Элизабет, вымученно улыбнувшись, еще раз солгала:

— Позвонил декан. Он хотел немедленно встретиться со мной. Так что я…

— Что еще натворил Филипп?

Смешно, ее мать почти слово в слово повторила вопрос, который она сама задала декану, но ей было не до смеха. Если сама Элизабет относилась к проделкам младшего сына с юмором и терпением, то ее мать постоянно выражала свое недовольство выходками Филиппа.

— Да ничего особенного, — поспешно сказала Элизабет. — Просто он поспорил с одним из школьников. Послушай, мама, если я сейчас же не оденусь, мы опоздаем к обеду. Эмма…

Элизабет была слегка удивлена тем, как мягко, но решительно Эмма вывела Ребекку Уолтере из комнаты. Служанка и глазом не моргнула, выслушав ложь Элизабет. Похоже, Эдвард всех в своем доме приучил к обману.

— Приготовить вам ванну, мэм? Эмма стояла в дверях, спокойно глядя.на Элизабет и на ее задравшуюся выше колен ночную рубашку.

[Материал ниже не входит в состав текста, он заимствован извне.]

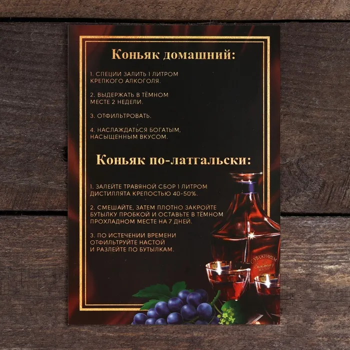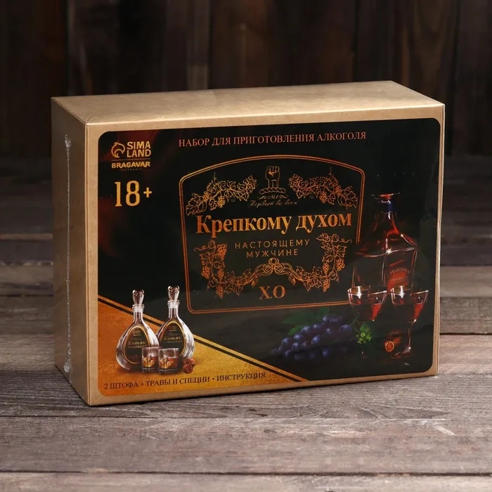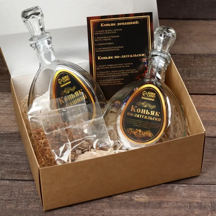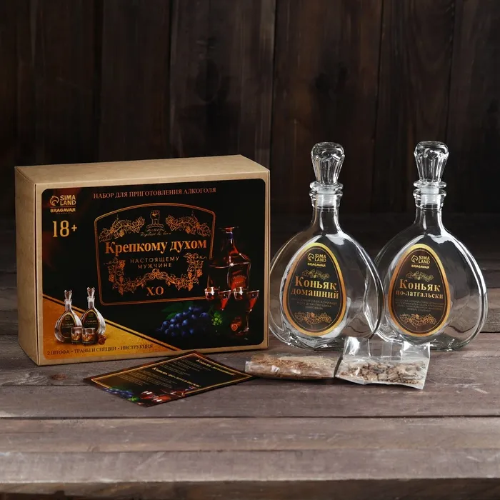 Подарочный набор для приготовления коньяка «Крепкому духом»: набор трав и специй 2 шт. х 20 г, 2 штофа по 500 мл., инструкция — Характеристики
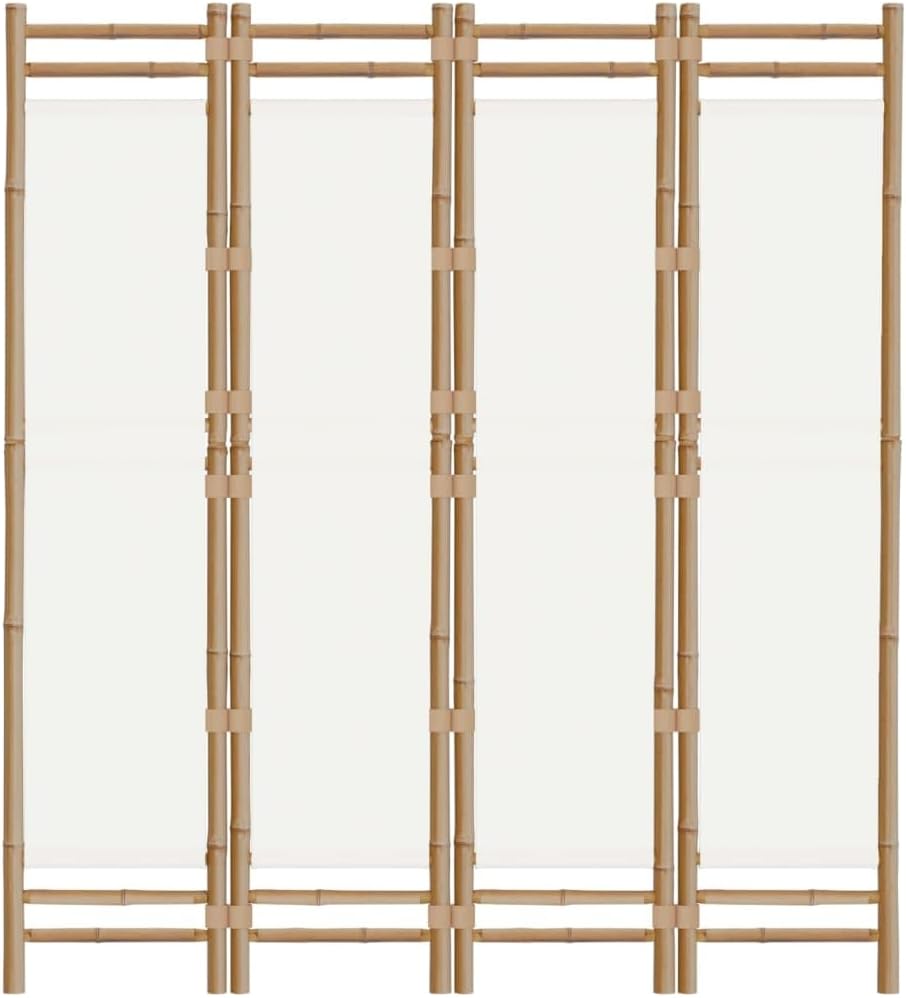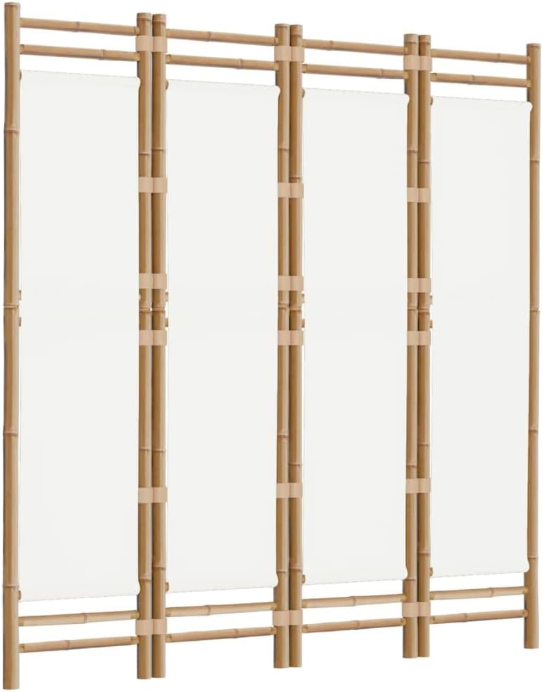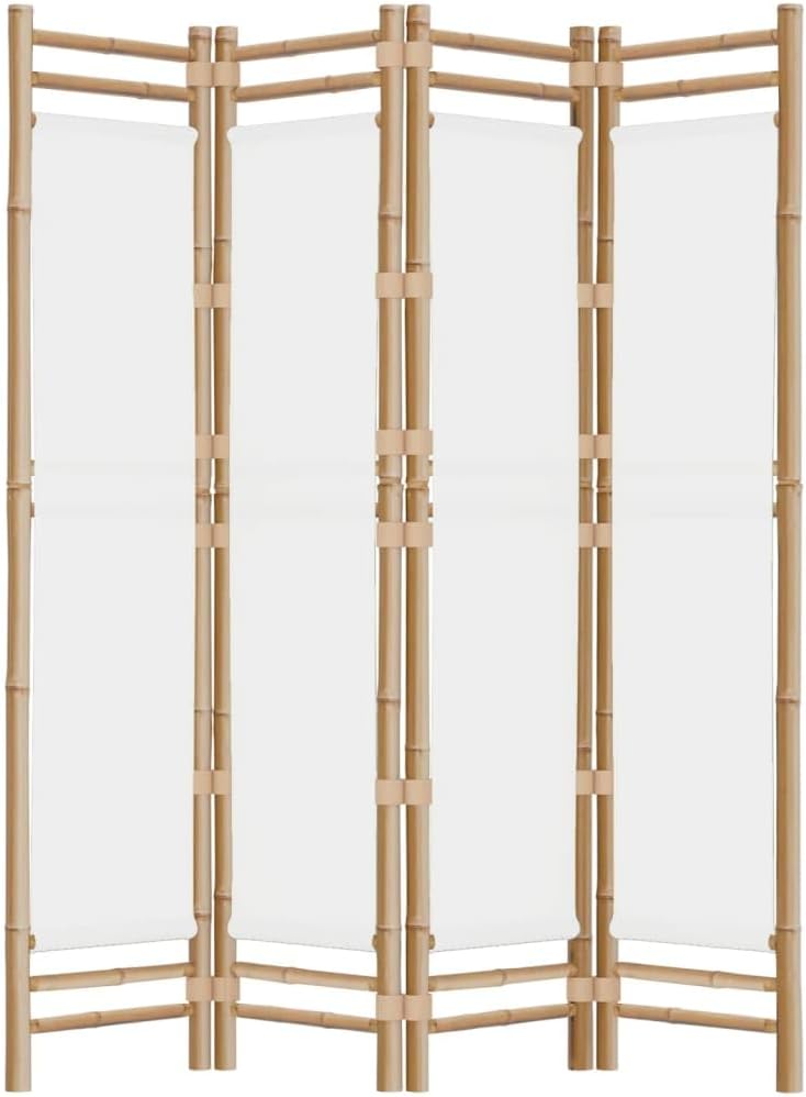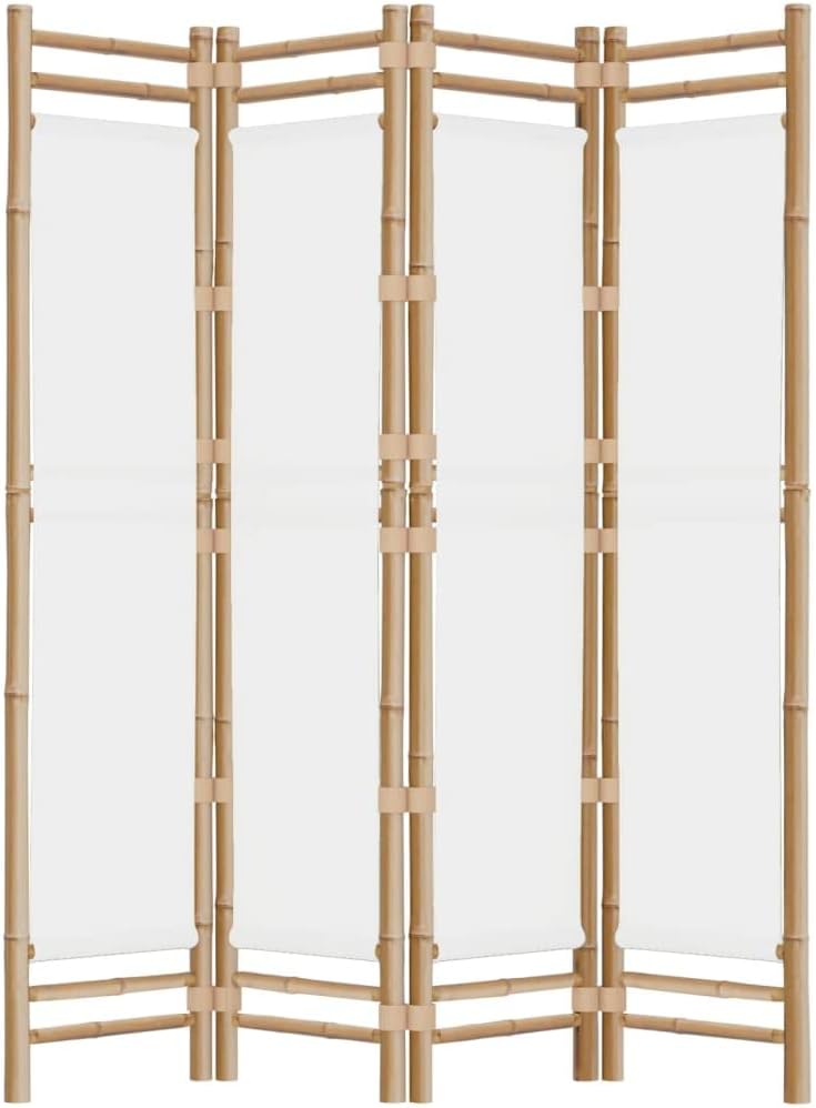 Folding 4-Panel Room Divider 63" Bamboo and Canvas,Bamboo Room Divider for Privacy and Style, Foldable Partition for Any Room, Cream White Bedroom Furniture
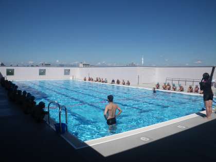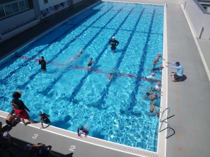 夏休み、後半のプールが始まりました。まずは3、4年生です。太陽はギンギンに輝いています。暑い夏はプールが一番です。水に親しみ泳力を高めてほしいと願っています。プール指導も泳力別に指導しています。後半参加者が少なくなる傾向にあります。家にいる人は是非学校のプールに参加してください。(校長 箭内)
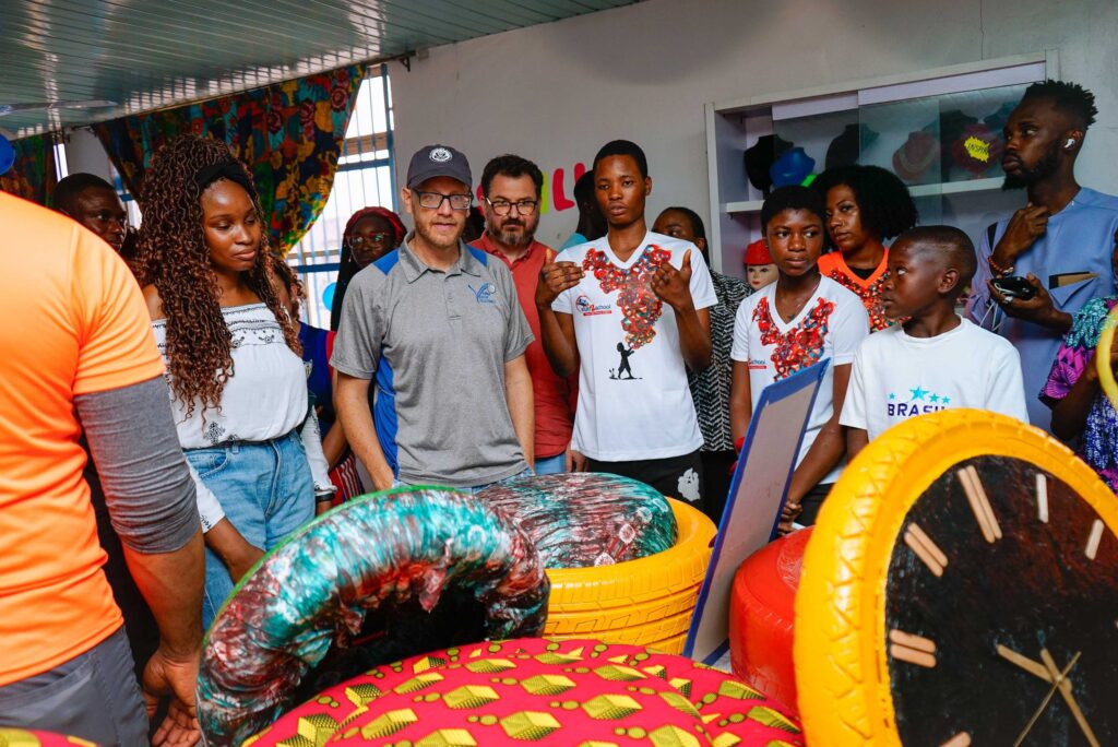 The Summer Skills program was built on Slum2School’s 7 Pillars methodology, ensuring each child’s potential is discovered and developed. From vibrant art pieces in the creative arts department to fashion showcases and culinary creations in the Home Economics department, where clothes were made out of old magazine papers, bagco sacs, and disposable cups. In the STEM department, where the kids had built moving buses and cars out of bamboo, torchlights, and drones; in the sustainability department, where we saw chairs and wall clocks made out of recycled tires, it was clear that these kids had poured their hearts into every project they had learnt over the past months. The creativity on display amazed the visitors, with Stevens commenting on how deeply moved he was by the talent level of Makoko and the outstanding support and belief Slum2School Africa has shown them.
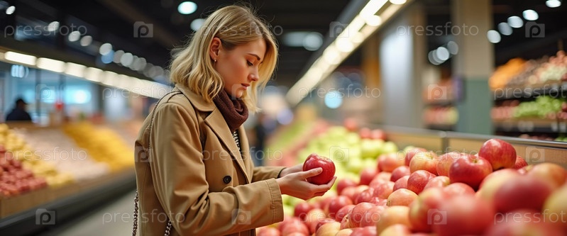 Молодая женщина стоит в оживленном супермаркете, тщательно выбирая блестящее красное яблоко из яркой витрины. Свежие фрукты окружают ее, создавая уютную атмосферу
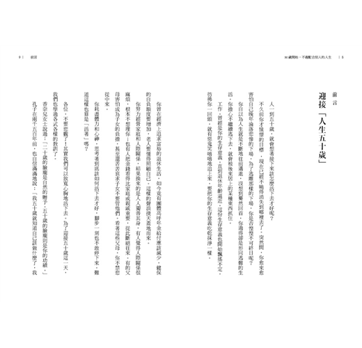如今,融合人生四十多年來的經驗與知識,終於你慢慢地培養出自己的一套哲學,同時你要迎接「人生五十歲」。

— Да, пожалуйста. Ты быстро вернулась. Я думала, ты проводишь мать вниз.

— Миссис Уолтерс не захотела, чтобы я ее провожала. Она сказала, что вы больше нуждаетесь в моей помощи.

Эмма прикусила губу, с трудом удержавшись от замечания, что здесь, в этом доме, жена канцлера казначейства важнее жены премьер-министра.

— Что ж, пожалуй, мне надо поторопиться. А тебе не следовало позволять мне так долго спать.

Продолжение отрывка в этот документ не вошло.